Desaparecerán los obstáculos que entre escritores y lectores han impuesto las prácticas de edición tradicionales: un sistema de improvisaciones acumuladas a lo largo de generaciones por los caprichos y el estancamiento de tecnologías obsoletas. La plaza de la aldea global no será un paraíso. Será indisciplinada, polimórfica y políglota, como ha sido nuestro destino y nuestro medio desde que la autocracia divina mostró su fuerza derribando la torre de Babel monolingüe. Pese a las objeciones de incontables dioses locales y de sus vicarios, los escritores han improvisado desde entonces muchas torres imperfectas -claros en el bosque, mercados en Atenas, catacumbas en Roma, graffitis en paredes de mazmorras, samizdat en los campos de Siberia-, y seguirán haciéndolo en lo sucesivo, en una escala sin precedentes, en la World Wide Web. En este punto hay sólidos fundamentos para el optimismo. La facultad critica que nos permite distinguir el sentido del caos forma parte de nuestro bagaje instintivo, así como el don de crear y recrear civilizaciones y sus leyes sin seguir una guía externa. Los seres humanos poseen un genio para hallar su camino, crear dioses, organizar mercados, distinguir la calidad y atribuir valor. Esta facultad puede darse por supuesta. No hay motivo para temer que la aplaste la imponente diversidad de la Web. De hecho, esa diversidad ampliará estos poderes, o al menos eso es lo que mi experiencia como individuo de la especie humana me permite esperar.

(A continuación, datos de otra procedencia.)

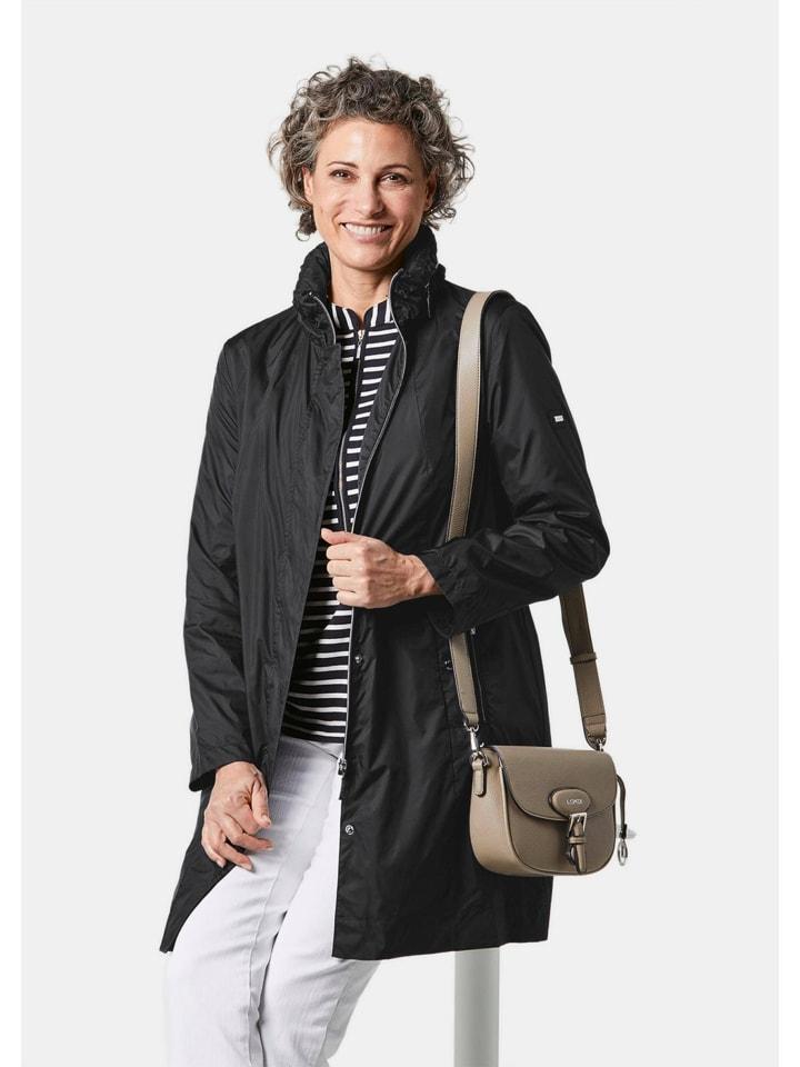 Длинная куртка с утонченным А-образным кроем и эксклюзивной легкой подкладкой: матовый, изысканный блеск придает этому функциональному, ветро- и дождезащитному компаньону элегантный шарм. Капюшон скрыт в воротнике, который также отделан модными сборками для удобной посадки. Застежка на молнию и кнопку, два декоративных клапана, карманы на молнии и внутренние карманы на подкладке. Эта модель чрезвычайно легкая и дышащая, ее также можно носить поверх блейзера. Длина около 93 см для размера 46, около 89 см для размера 23.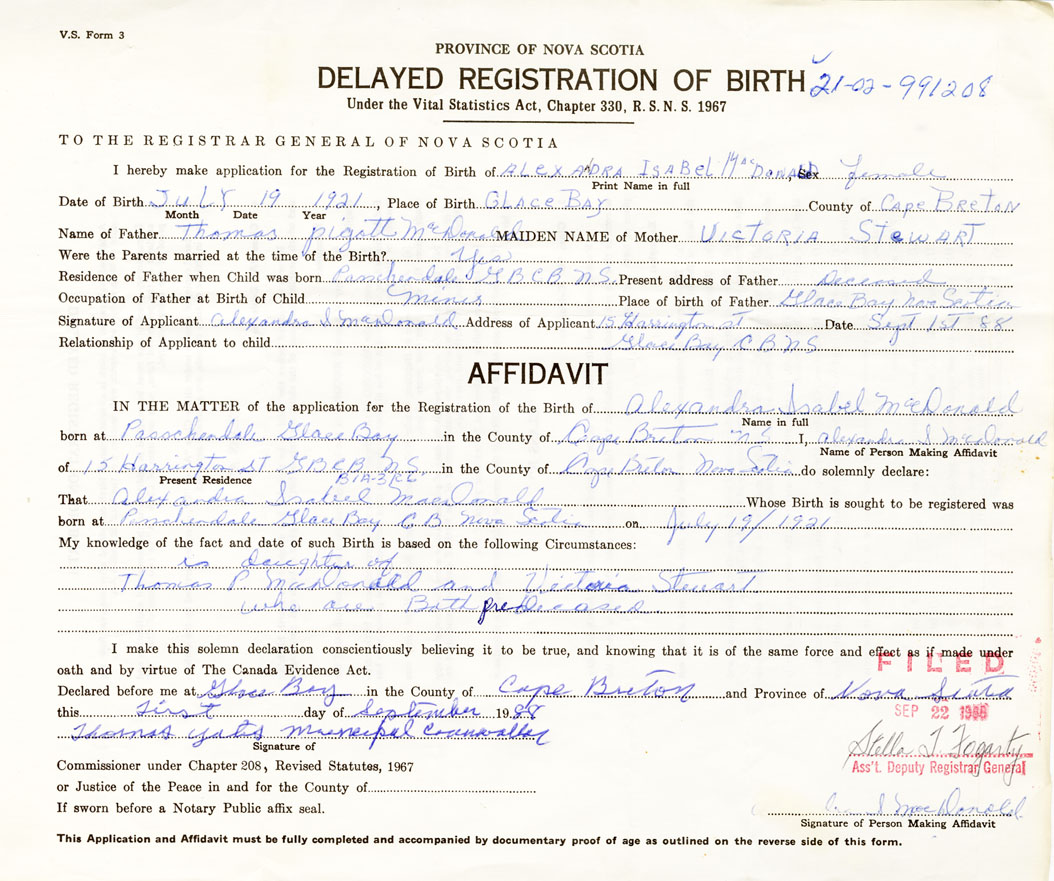 21. Name and Post Office address of Informant Alexandra I MacDonald 15 Harrington St. Glace Bay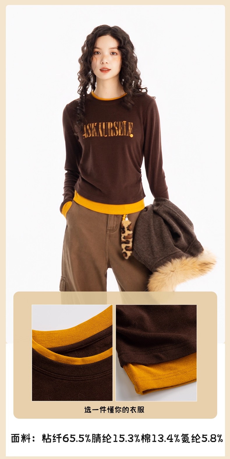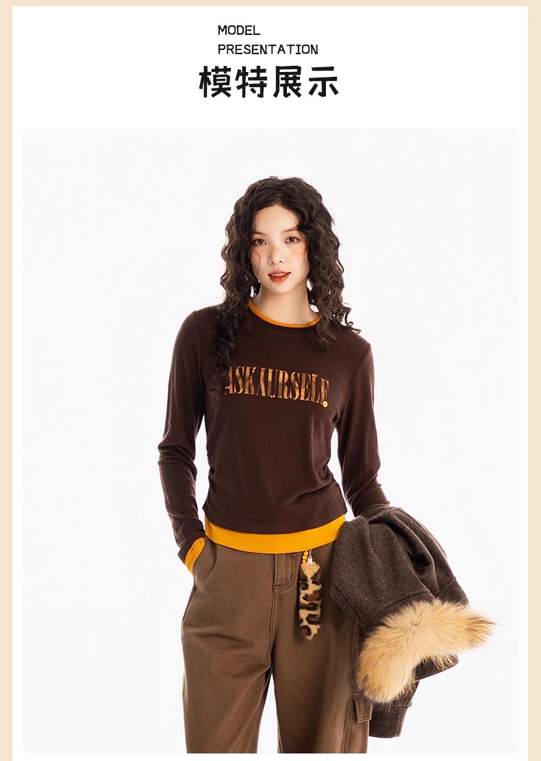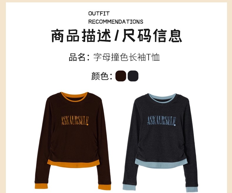 【门店同款】ENJOY冬季“游牧漫寻”字母撞色长袖T恤 167450222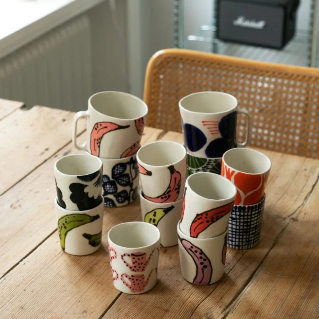 Anna Broström Ek har skapat denna fina kollektion av koppar som är perfekt för kaffe. Muggarna görs av stockholmsbaserade Anna Broström Ek som främst arbetar med handmålat bruksgods. Produkterna är dekorerade med hennes typiska färgglada motiv och är tänkt att kombineras för att skapa egna unika kollektioner, mixa och matcha med kaffekopparna i samma kollektion!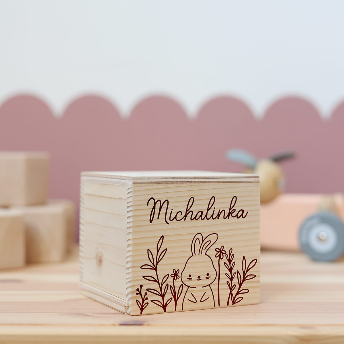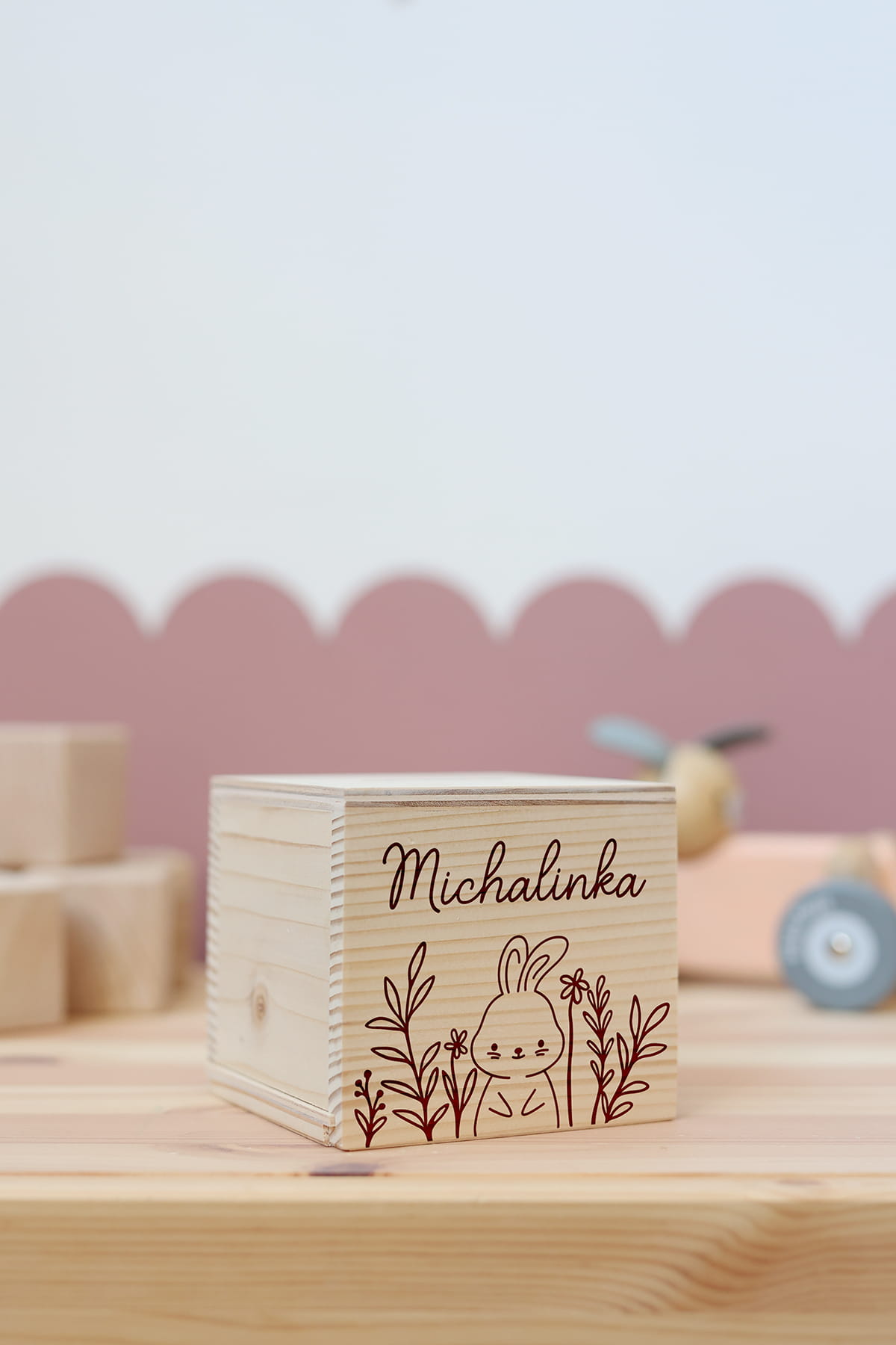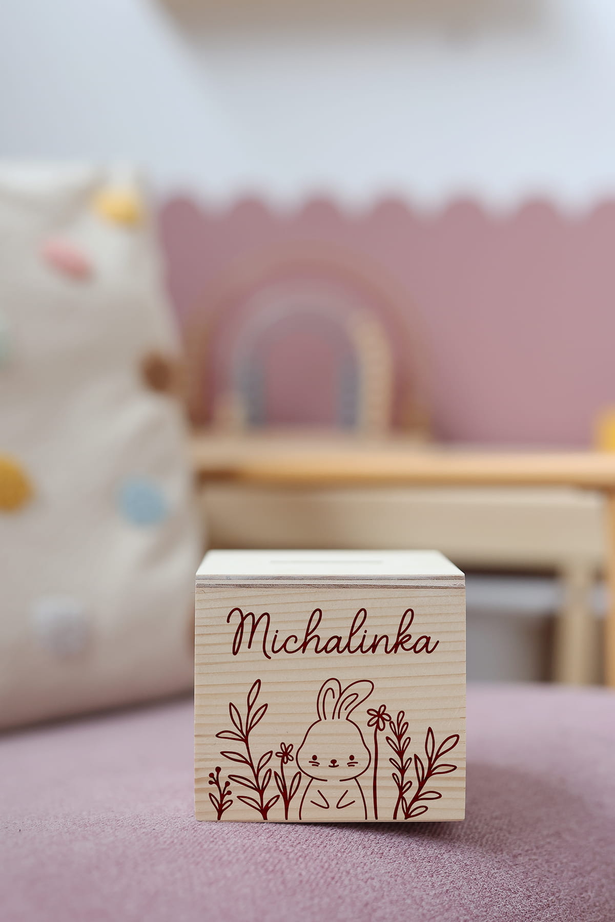 Drewniana skarbonka z motywem króliczka i dowolnym imieniem.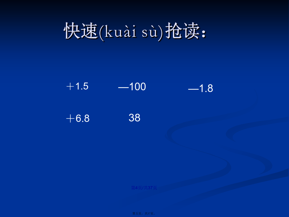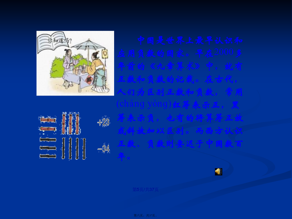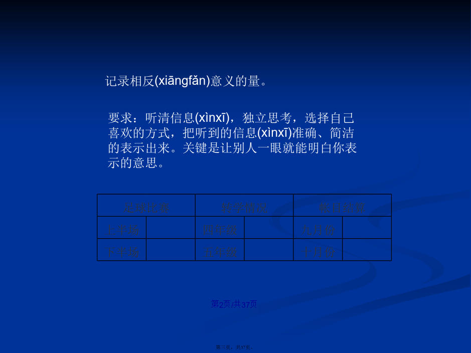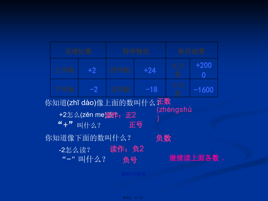 会计学教学(jiāoxué)目标足球比赛足球比赛快速(kuàisù)抢读:中国是世界上最早认识和应用负数的国家。早在2000多年前的《九章算术》中,就有正数和负数的记载。在古代,人们为区别正数和负数,常用(chánɡyònɡ)红筹表示正,黑筹表示负,也有的将算筹正放或斜放加以区别。而西方认识正数、负数则要迟于中国数百年。北京(běijīnɡ)最高温度是5℃,最低温度是零下5℃。北京(běijīnɡ)最高温度是5℃,最低温度是零下5℃。人们通常用正数表示(biǎoshì)零上的温度。瑞典天文学家摄尔休斯把在通常情况(qíngkuàng)下,冰水混合物的温度规定为0℃。人们是利用什么(shénme)工具来测量温度的呢?活动(huódòng):读出水银柱所表示(biǎoshì)的温度。-10℃你能说几个正数(zhèngshù)和负数吗?讨论交流:0怎么分类?是正数还是(háishi)负数呢?(1)叔叔(shūshu)上五楼开会,阿姨到地下二楼取车,应按哪两个键?珠穆朗玛峰比海平面高8844.43米记作()米,那么(nàme)吐鲁番盆地比海平面低155米记作()米,海平面记作()米。(3)上图每格表示1米,小华刚开始(kāishǐ)的位置在0处。5月4日爸爸(bàbà)工资收入1500元5月6日水、电、煤气支出200元5月12日电话费支出120元5月15日妈妈工资收入1400元……(4)刘翔在第十届世界田径锦标赛半决赛中,110米栏的成绩是13.42秒,当时(dàngshí)赛场风速为每秒-0.4米。生活(shēnghuó)中有更多的负数等待你们去发现。高楼地下室为了简单可以把+24简写成24。如果(rúguǒ)去掉正号,这些数你们熟悉吗?是我们过去学的数。某超市每个月的成本为100万元,去年下半年收入分别如下(rúxià):7月份104万元,8月份112万元,9月份100万元,10月份98万元,11月份101万元,12月份97万元(盈利用正数表示,亏本用负数表示)。汇报(huìbào)请你读上面(shàngmiɑn)各数。北京(běijīnɡ)-5℃和5℃一样吗?读出水银柱所表示(biǎoshì)的温度。活动(huódòng):温度计上的刻度是怎样(zěnyàng)排列的?读出水银柱所表示(biǎoshì)的温度。-10℃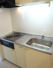 2口コンロのシンプルなシステムキッチンです。シンク・コンロ・調理台・収納が一体化されており、見た目もすっきりしていて、掃除のしやすさにも優れています。まな板が置ける調理スペースあり便利です。

Que los editores se adapten con previsión a esta oportunidad o dejen que lo hagan otros no está claro.
Lo que sí lo está es que en la World Wide Web las tareas de los editores pueden reducirse a un puñado crucial: soporte editorial, publicidad, diseño, digitalización y financiación. Para estas funciones, el tamaño
no confiere una ventaja y, en determinadas magnitudes, se convierte en un engorro. Presumo que las futuras unidades de edición serán pequeñas, aunque quizá dependan de una financiera central. En la medida en que los escritores entreguen el contenido de su mente directamente a la de sus lectores en la Web, como ha hecho Stpehen King, la labor editorial obsoleta, como el marketing, las ventas los envíos y el almacenamiento, junto con sus burocracias e ineficiencias inherentes, puede minimizarse y confiarse a empresas especializadas. Así, hay razones para creer que la edición de libros puede, en consecuencia, volver a ser una industria artesanal compuesta de diversas y creativas unidades autonómicas.